IE 11 is not supported. For an optimal experience visit our site on another browser.

Airbus parent posts 'worst year,' co-CEO says

Major delays to Airbus' A380 superjumbo that led to a $1.01 billion fourth-quarter loss made 2006 the worst year in European plane builder EADS NV's history, the co-chief executive officer said Friday.
/ Source: The Associated Press

Major delays to Airbus' A380 superjumbo that led to a $1.01 billion fourth-quarter loss made 2006 the worst year in European plane builder EADS NV's history, the co-chief executive officer said Friday.

"It is clear ... it was the worst year for Airbus in its life," Louis Gallois told reporters at the company's annual news conference in southern Germany.

The comment came after the Amsterdam-based company said that a weaker dollar and major delays at its Airbus unit dragged annual profit down at EADS.

"We had big problems, as everyone knows," Co-CEO Tom Enders added. "This company needs more innovation, more focused innovation."

But he and EADS said the problems at Airbus would continue to be felt through 2007, warning that it would post another substantial loss in 2007.

EADS NV lost 768 million euros ($1.01 billion) in the fourth quarter, compared with a profit of 405 million euros in the same period a year earlier. Sales during the quarter, however, were up 11 percent to 11.96 billion euros ($15.73 billion).

Shares of EADS fell nearly 3 percent before they recovered slightly to 23.25 euros ($30.58), or down 1.8 percent in Paris trading.

"We do not think these results are OK," ABN Amro said in a research note to investors.

The European Aeronautic Defence & Space Co. said the effects of a series of management and financial crises, including a two-year delay to the double-decker A380 superjumbo, and charges at its A350 XWB program hurt fourth-quarter profits.

Adding to that were higher research and development costs, the company said.

Officially launched in December, the 11.6 billion euros ($15.26 billion) A350 XWB program promises better fuel efficiency and greater use of composites than the earlier version of the plane, but with later availability.

So far, Finnair PLC has agreed to order nine of the planes, and Airbus is in talks with other airlines about converting 93 outstanding A350 orders for the widebody model.
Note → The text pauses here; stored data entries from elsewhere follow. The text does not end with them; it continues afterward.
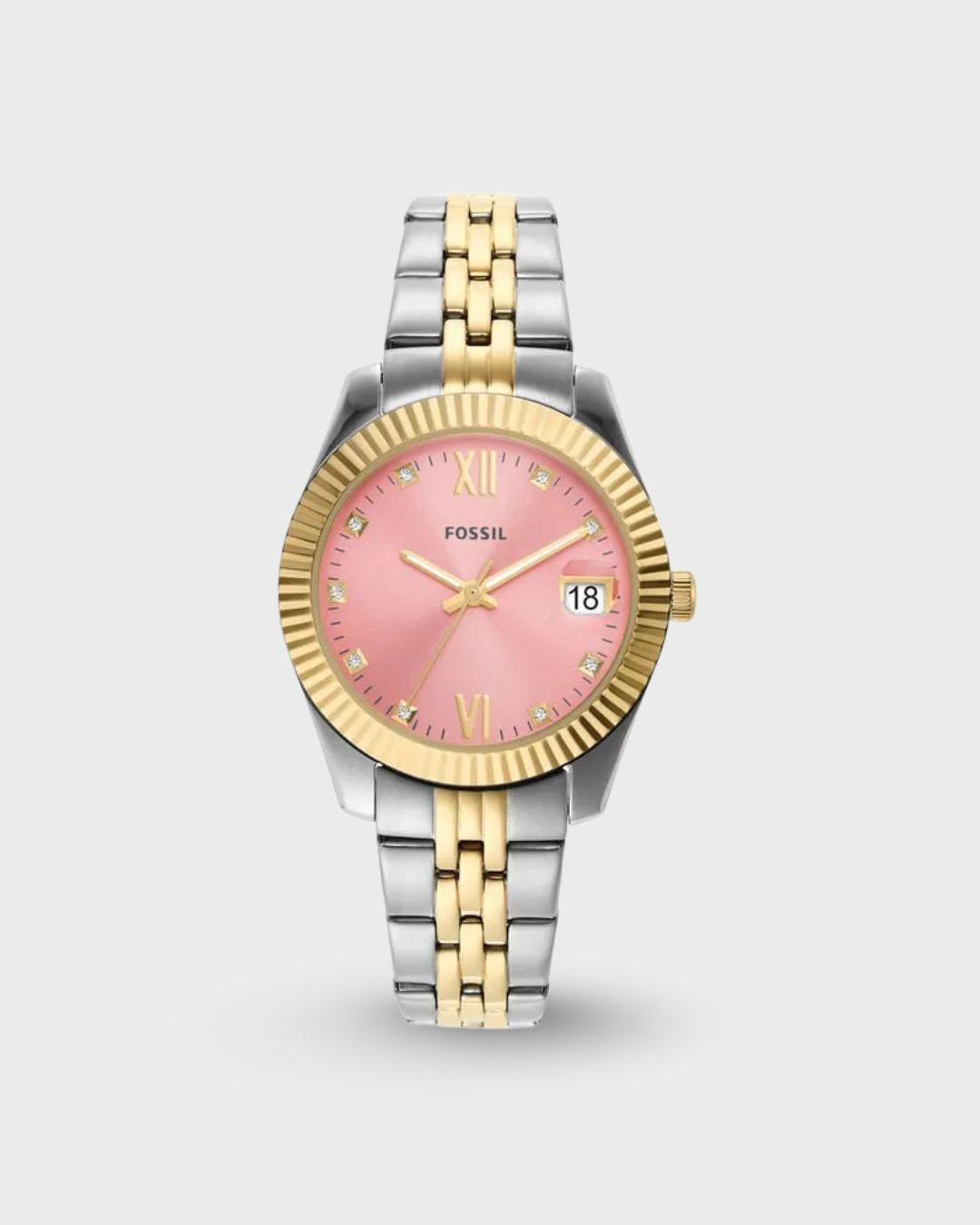 A classic watch in a modern design will always be an ideal gift for a woman. The envelope is combined with a silver-free bracelet, high-quality stainless steel was used for their production. Fossil Scarlette ES5173 operates on the basis of a quartz movement, moreover, it has been decorated with tasteful crystals. A pink shield is equipped with a date of month days.
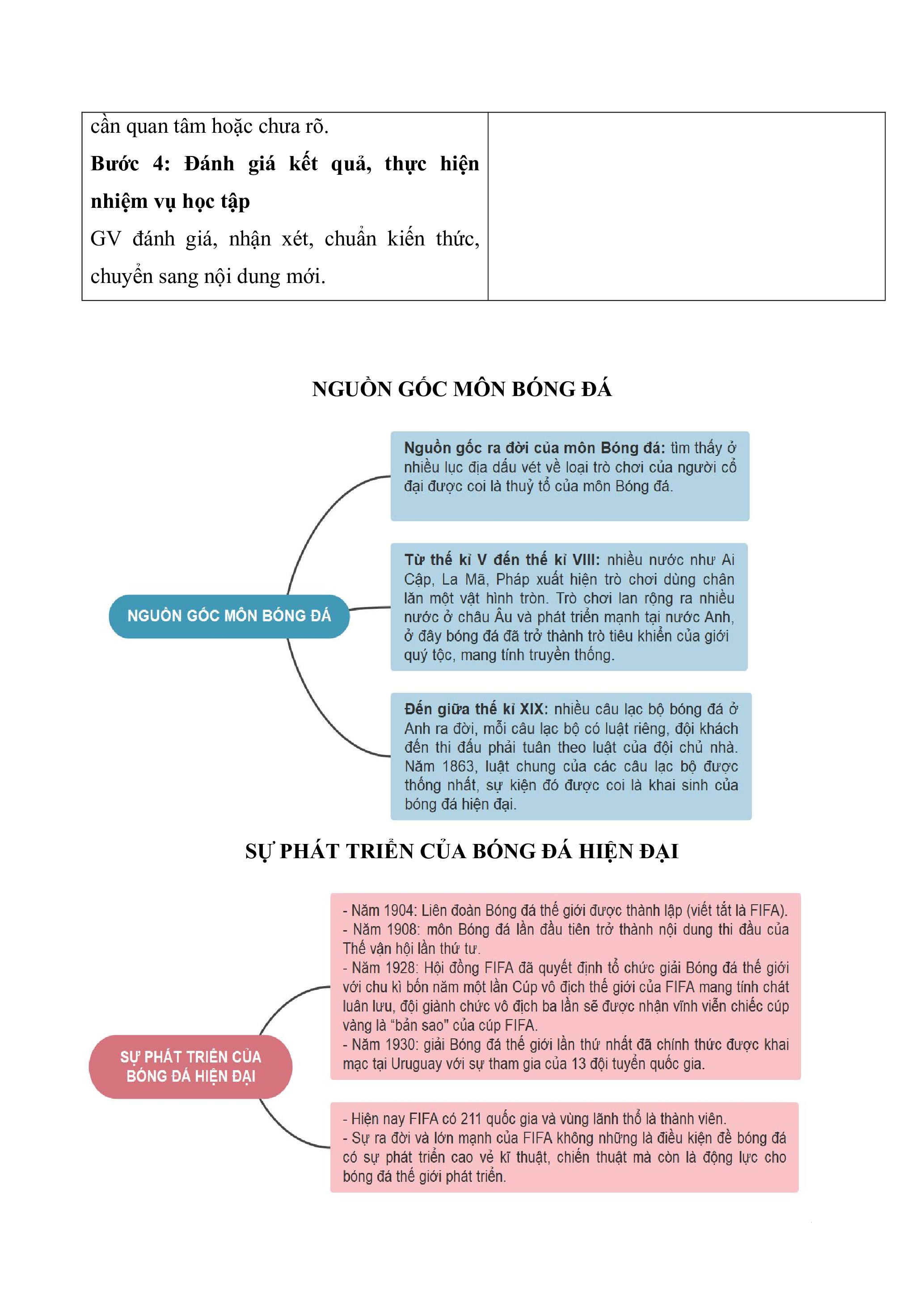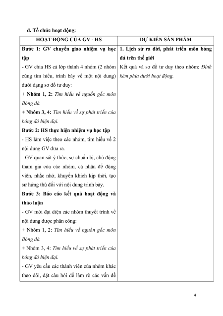 + Nhóm 3, 4: Tìm hiểu về sự phát triển của bóng đá hiện đại.
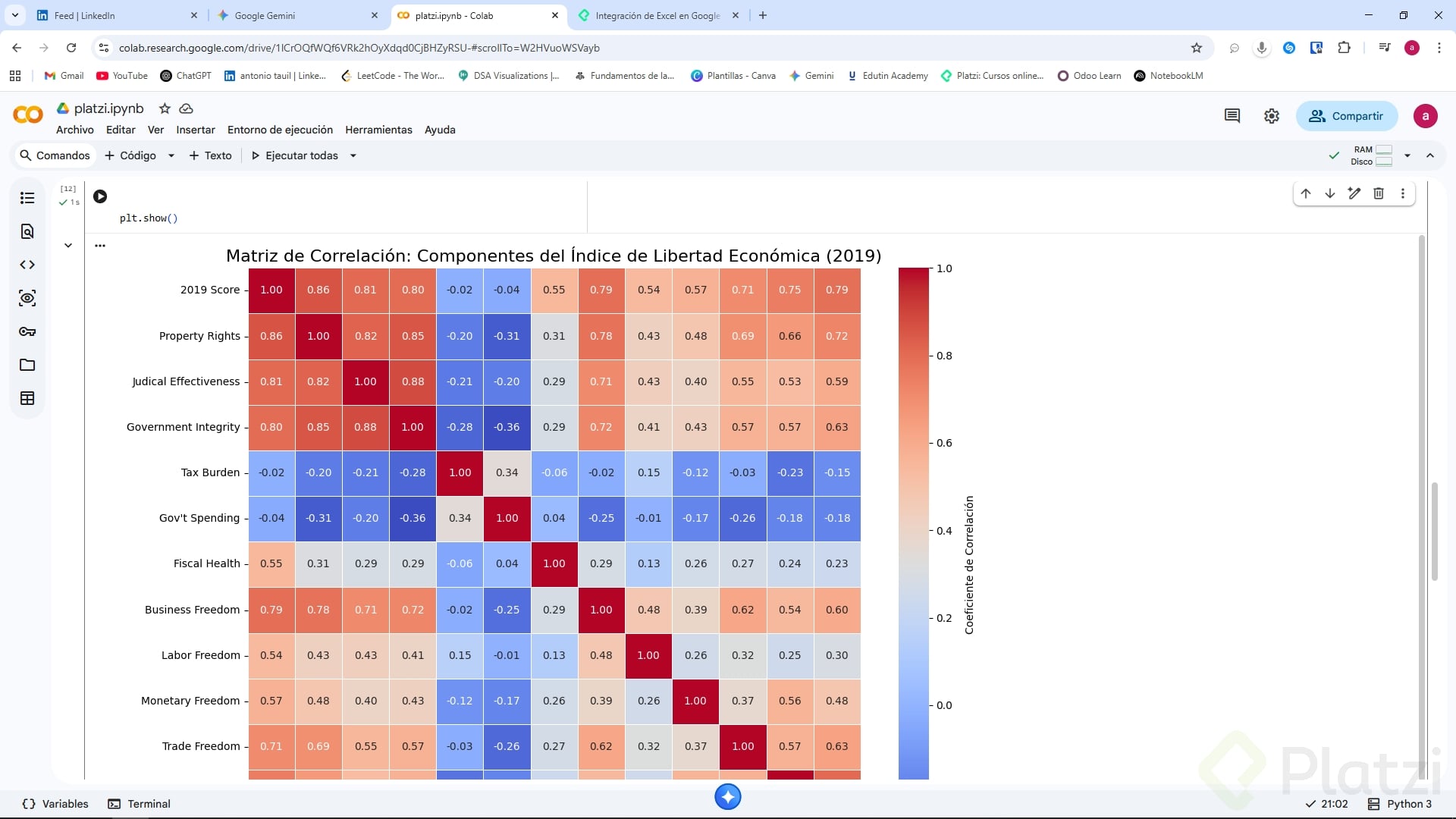 ¿Has probado integrar Excel con Google Colab para tus análisis de datos? Te invitamos a experimentar con Gemini para crear visualizaciones avanzadas utilizando Python a partir de datasets como el Economic Freedom Index y compartir tus resultados en la sección de comentarios.
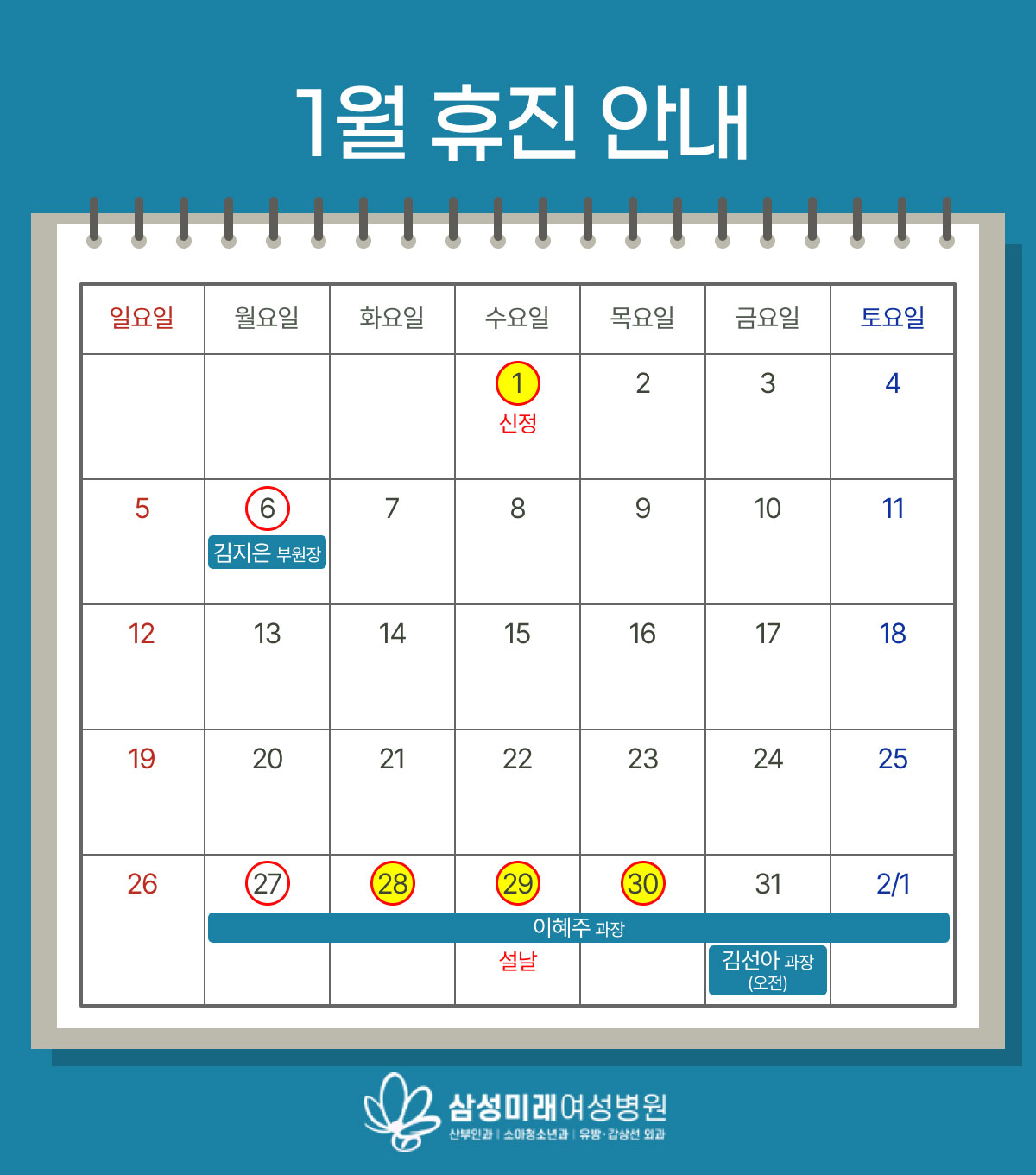 2025년 1월 의료진 휴진 안내 페이지 정보 작성자 삼성미래 댓글 0건 조회 2,854회 작성일 24-12-18 14:02 목록 본문 이전글2025년 가임력 검사 지원 안내 25.01.09 다음글성탄절 (12월25일), 신정 (1월1일) 진료안내 24.12.16 댓글 0 댓글목록 등록된 댓글이 없습니다.
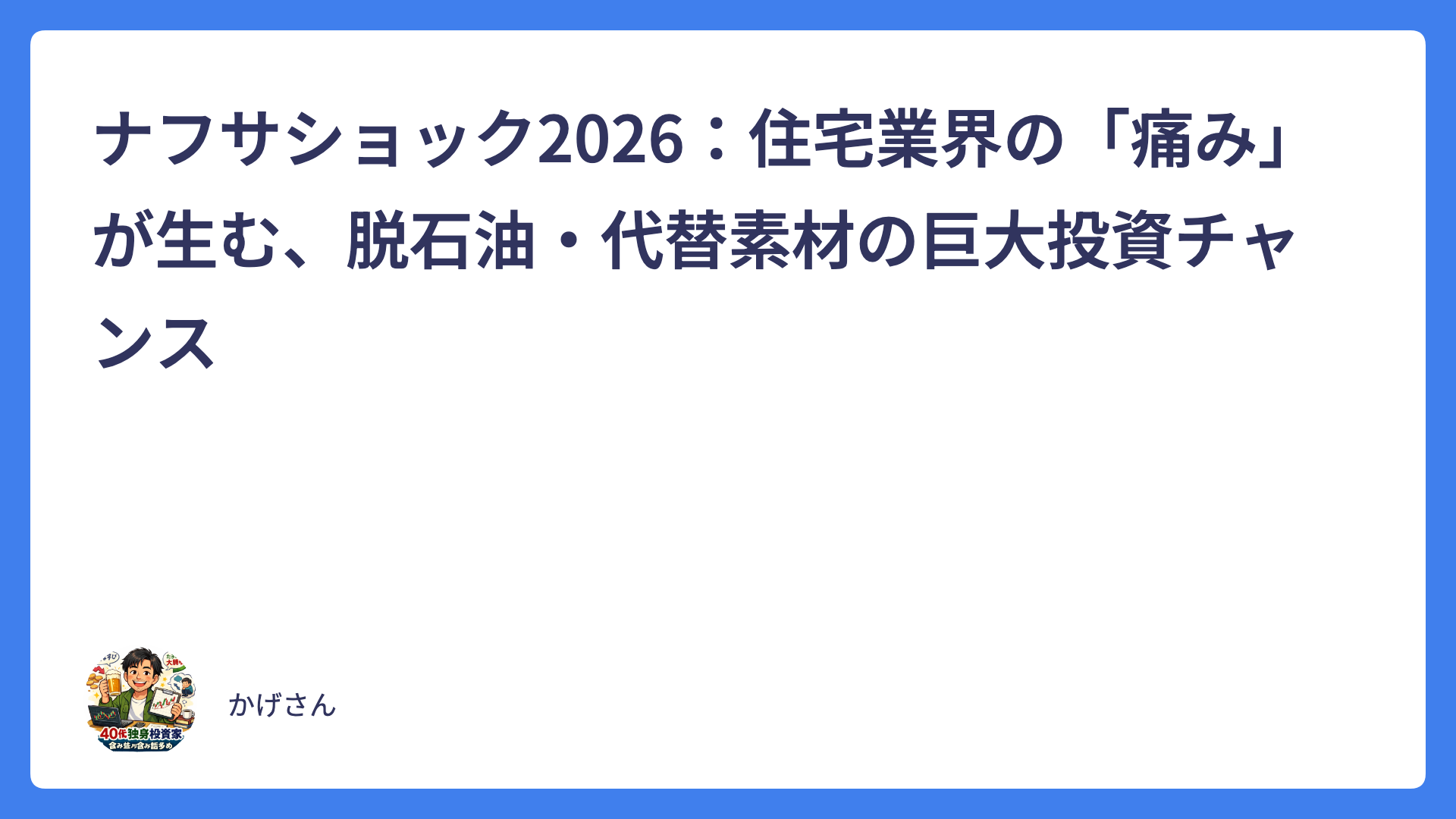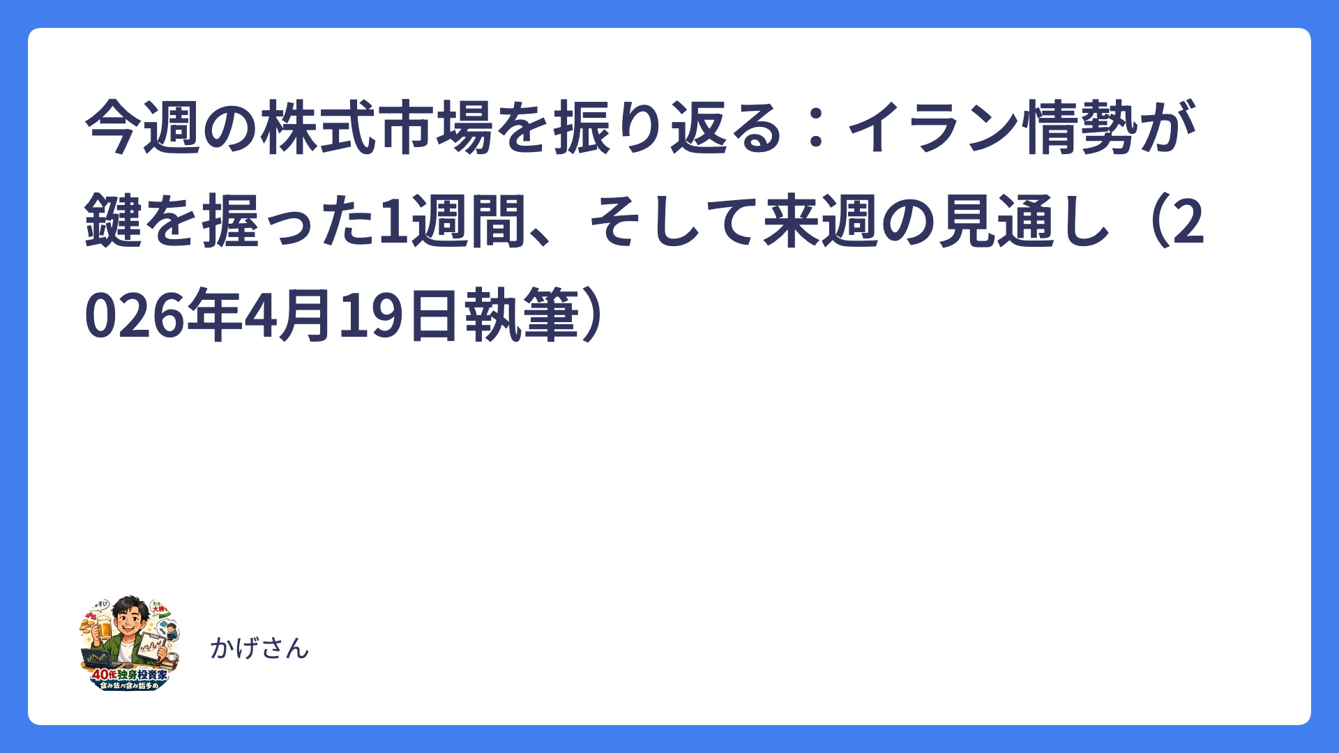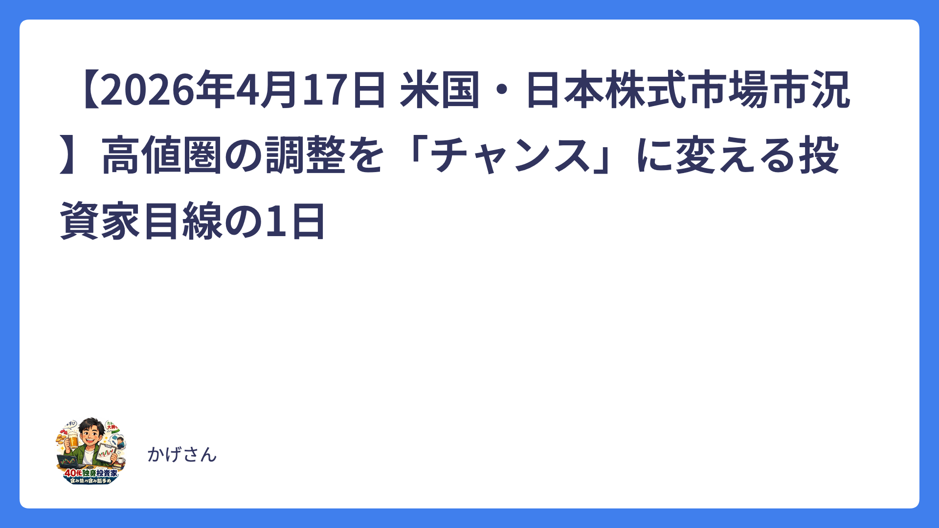 ARCHIVES 2026年4月 今週の株式市場を振り返る:イラン情勢が鍵を握った1週間、そして来週の見通し(2026年4月19日執筆) 2026.04.19 コラム heibon-ojisan 平凡なおじさんの投資ブログ 日経平均60,000円目前で止まった今週を振り返る~海外投資家の動きと、これからの日本株はどうなる?~ 2026.04.17 コラム heibon-ojisan 平凡なおじさんの投資ブログ 【2026年4月17日 米国・日本株式市場市況】高値圏の調整を「チャンス」に変える投資家目線の1日 2026.04.17 株式投資 heibon-ojisan 平凡なおじさんの投資ブログ 日経平均史上最高値更新の「見えない原動力」~一般投資家が絶対に見落とす、決算シーズンの“隠れサプライズ”が相場を本気で動かしている~ 2026.04.16 株式投資 heibon-ojisan 平凡なおじさんの投資ブログ 防衛株の下落は「米イラン停戦期待」のサイン? 原油価格急落と市場心理を徹底解説【株式投資家向け】 2026.04.16 株式投資 heibon-ojisan 平凡なおじさんの投資ブログ AI統合型SaaSの現在地~「SaaSの死」は終わったのか? 日本企業と非SaaS勢の意外な逆転劇~ 2026.04.15 コラム heibon-ojisan 平凡なおじさんの投資ブログ 【2026年4月】海外投資家が過去最高1.9兆円買い越し!毎年恒例の「4月アノマリー」で日本株はこれからどうなる?需給の裏側を徹底解説&今後の行方を大胆予測 2026.04.15 株式投資 heibon-ojisan 平凡なおじさんの投資ブログ ナフサショック2026:住宅業界の「痛み」が生む、脱石油・代替素材の巨大投資チャンス 2026.04.14 株式投資 heibon-ojisan 平凡なおじさんの投資ブログ 今日の日本株ブログ:2026年4月14日(火)「日経平均は爆上げ+1,300円超も…参加銘柄は意外と少ない?」 2026.04.14 株式投資 heibon-ojisan 平凡なおじさんの投資ブログ 2026年4月13日 日本株速報ブログ「全体は軟調…でもこの5銘柄が爆上げ! 似た事業の“次に来る株”も要チェック」 2026.04.13 株式投資 heibon-ojisan 平凡なおじさんの投資ブログ もっと見る
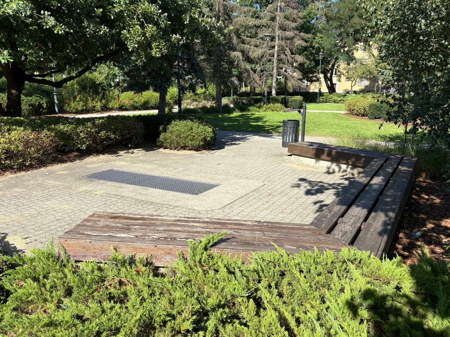 Luftschutz Deckungsgraben, znajdujący się na Placu Wolności, w latach 2007/08 był otwarty. Jak wygląda sytuacja obecnie, tego nie wiem. Obiekt wybudowany najpewniej między jesienią 1943 roku a wiosną/latem 1944, składa się z kilku korytarzy. Całość wybudowana jest z betonowych prostokątnych płyt prefabrykowanych.
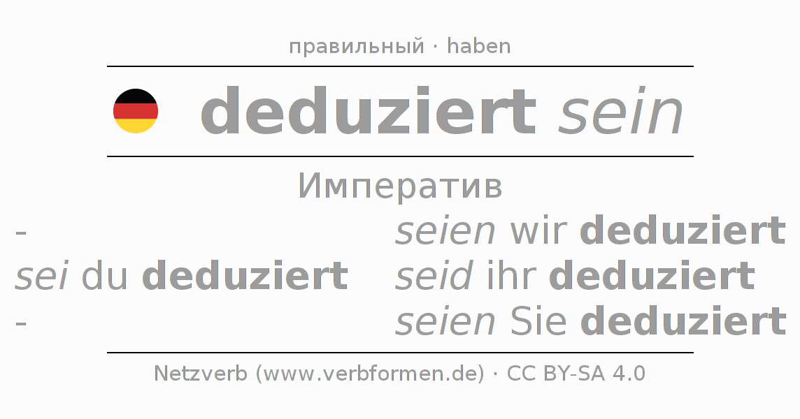 Этот глагол deduzieren полностью спрягается во всех лицах и числах Императив Презенс.
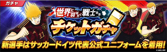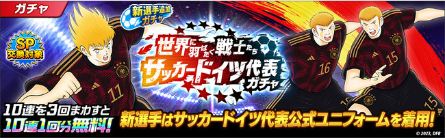 KLab<3656>は『キャプテン翼 ~たたかえドリームチーム~』で、 4月21日(金)よりサッカードイツ代表公式ユニフォームを着用したカール・ハインツ・シュナイダーなどが新選手で登場する「世界に羽ばたく戦士たち サッカードイツ代表オフィシャルキャンペーン」を開催する。
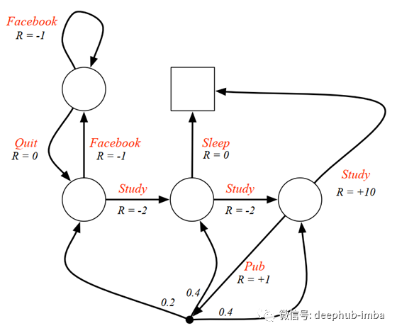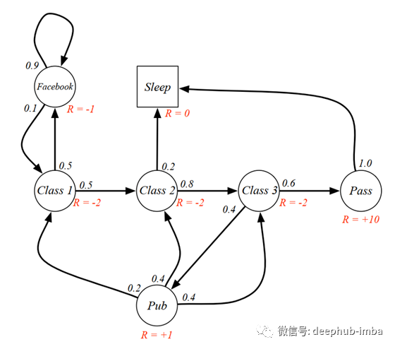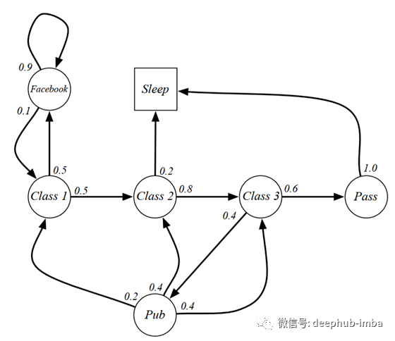 我们可以在下图中看到马尔科夫过程学生活动的一个例子。有几种状态,从class 1到最终状态Sleep。每个圆中的数字表示转移概率。

But the new Airbus jet is five years behind its rival, Boeing Co.'s 787 "Dreamliner," which already has notched up 464 firm orders as the U.S. company prepares to begin building the plane in the second quarter, with the first flight scheduled for August.

Airbus posted a fourth-quarter operating loss of 1.72 billion euros ($2.26 billion) compared with a 453 million euros operating profit in the same period a year ago. During the fourth quarter EADS bought BAE Systems PLC's 20 percent stake in Airbus for 2.75 billion euros ($3.62 billion).

Sales rose 8 percent to 6.6 billion euros ($8.68 billion) compared with 6.14 billion euros in the fourth quarter of 2005.

For the year, Airbus, based in Toulouse, France, had an operating loss of 572 million euros ($752.3 million) compared with a profit of 2.3 billion euros in 2005. Sales rose 14 percent to 25.2 billion euros ($33.14 billion).

New orders for planes reached 790 in 2006, compared to Boeing's 1,044.

Overall, EADS earned 99 million euros ($130.2 million) in 2006 compared with 1.67 billion euros in 2005. Analysts polled by Dow Jones Newswires had expected a 2006 net profit of 39 million euros ($51.29 million).

Sales rose 15 percent to 39.4 billion euros ($51.82 billion) from 34.2 billion euros a year earlier, helped by an increase in Airbus airplane deliveries to 434 from 378 a year ago.

Co-chief executives Tom Enders and Louis Gallois said the results were hampered by Airbus, but predicted a recently announced restructuring plan would help return the unit to profitability.

"It will take some time, but Power8 will make Airbus substantially more integrated and efficient," the pair said in a statement. "For 2007, our priorities are to drive operational improvements, restore the group's credibility and build a leaner and more dynamic EADS."

Airbus plans to cut 10,000 jobs and spin off or close six of its European manufacturing plants under the auspices of the so-called Power8 plan, which was unveiled Feb. 28.

Three sites making wing and fuselage parts in Britain, France and Germany are earmarked for sale to new investment partners as Airbus follows in Boeing's footsteps by seeking fresh financing for its programs.

Airbus has said potential investment partners include Britain's GKN PLC, Italy's Finmeccanica SpA and U.S.-based Spirit AeroSystems Holdings Inc. — a former Boeing division that was renamed after its sale to investment firm Onex and remains a major Boeing supplier.

The plan has caused political disagreement between Germany and France, with the German government endorsing Power8 as a chance to make the planemaker more competitive, and French politicians looking for ways to circumvent job losses.

"For Airbus ... we will deliver between 440 and 450 airplanes, but Airbus will display another substantial loss in 2007 because of the charges for the Power8 program [and] further costs to support the A380," Gallois said.